La libertà di stampa in Italia è certificata ai livelli più bassi del Burkina Faso. Un esempio recente.
C’e` una generazione di ex liceali a cui negli anni Novanta era stata promessa una via professionale in grado di recuperare la tradizione umanistica nei settori del giornalismo, della ricerca di mercato e della pubblicità.
L'Analisi del professor Paolo Desogus
Gli esiti occupazionali sono stati sin da subito molto modesti. Per completarela formazione post laurea sono allora nati i master per tecnico dell’informazione, le scuole di giornalismo, i diplomi in comunicazione d’impresa, comunicazione sociale, comunicazione medica, comunicazione della comunicazione, comunicazione de ‘sta cippa.

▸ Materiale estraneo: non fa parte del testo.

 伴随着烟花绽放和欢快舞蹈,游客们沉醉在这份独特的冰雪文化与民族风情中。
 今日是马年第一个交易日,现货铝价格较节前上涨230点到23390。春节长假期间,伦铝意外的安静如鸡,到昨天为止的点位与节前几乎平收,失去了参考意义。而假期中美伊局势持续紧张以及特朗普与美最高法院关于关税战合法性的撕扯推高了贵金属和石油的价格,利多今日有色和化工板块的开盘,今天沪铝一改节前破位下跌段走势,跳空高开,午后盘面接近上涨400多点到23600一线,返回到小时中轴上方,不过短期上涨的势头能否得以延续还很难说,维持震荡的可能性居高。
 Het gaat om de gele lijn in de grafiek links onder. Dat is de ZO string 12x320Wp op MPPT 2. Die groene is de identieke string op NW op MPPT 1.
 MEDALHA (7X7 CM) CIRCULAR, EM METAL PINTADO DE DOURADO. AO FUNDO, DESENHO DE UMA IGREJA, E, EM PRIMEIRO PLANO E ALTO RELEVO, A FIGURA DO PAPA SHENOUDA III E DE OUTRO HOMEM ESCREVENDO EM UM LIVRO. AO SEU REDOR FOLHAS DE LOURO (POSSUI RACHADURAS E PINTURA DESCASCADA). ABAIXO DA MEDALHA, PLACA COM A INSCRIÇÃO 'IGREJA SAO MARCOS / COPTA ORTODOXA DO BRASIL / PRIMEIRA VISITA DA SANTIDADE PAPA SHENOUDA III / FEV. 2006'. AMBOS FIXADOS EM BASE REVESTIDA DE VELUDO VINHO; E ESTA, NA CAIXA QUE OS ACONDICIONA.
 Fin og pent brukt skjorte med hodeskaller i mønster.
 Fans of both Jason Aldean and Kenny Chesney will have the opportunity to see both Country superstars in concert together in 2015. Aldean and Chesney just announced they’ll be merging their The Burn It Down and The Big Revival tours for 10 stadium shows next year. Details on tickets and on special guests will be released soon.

Si è insomma sviluppato un business colossale di corsi privati per pochi privilegiati o per i figli di quelle famiglie disposte a investire una parte dei propri risparmi e così realizzare la promessa di un mestiere dalla parvenza intellettuale, capace di dare un posto nel mondo a quei ragazzi più portati allo studio delle materie umanistiche o comunque affascinati dai mestieri come il pubblicitario e il giornalista.
I master che “fanno network”
Forse l’istituzione di Scienze della comunicazione nel 1992 era indispensabile proprio per arginare la nascita di queste scuole private. I risultati non paiono tuttavia molto esaltanti e, anzi, bisognerebbe avere il coraggio di dire che sono disastrosi, dagli effetti addirittura antropologici.
La ricerca disperata di un posto nelle agenzie dell’industria culturale, i numerosi compromessi compiuti per ottenere il contatto giusto, le cifre esorbitanti spese dalle famiglie per un lungo periodo di formazione, la competizione esasperata e alimentata dall’iper cinismo della retorica meritocratica hanno prodotto un esercito di tecnici sottomessi alle logiche del mercato e intellettualmente umiliati anche a dispetto della sicumera positiva e brillante con la quale sono costretti a valutare la propria condizione.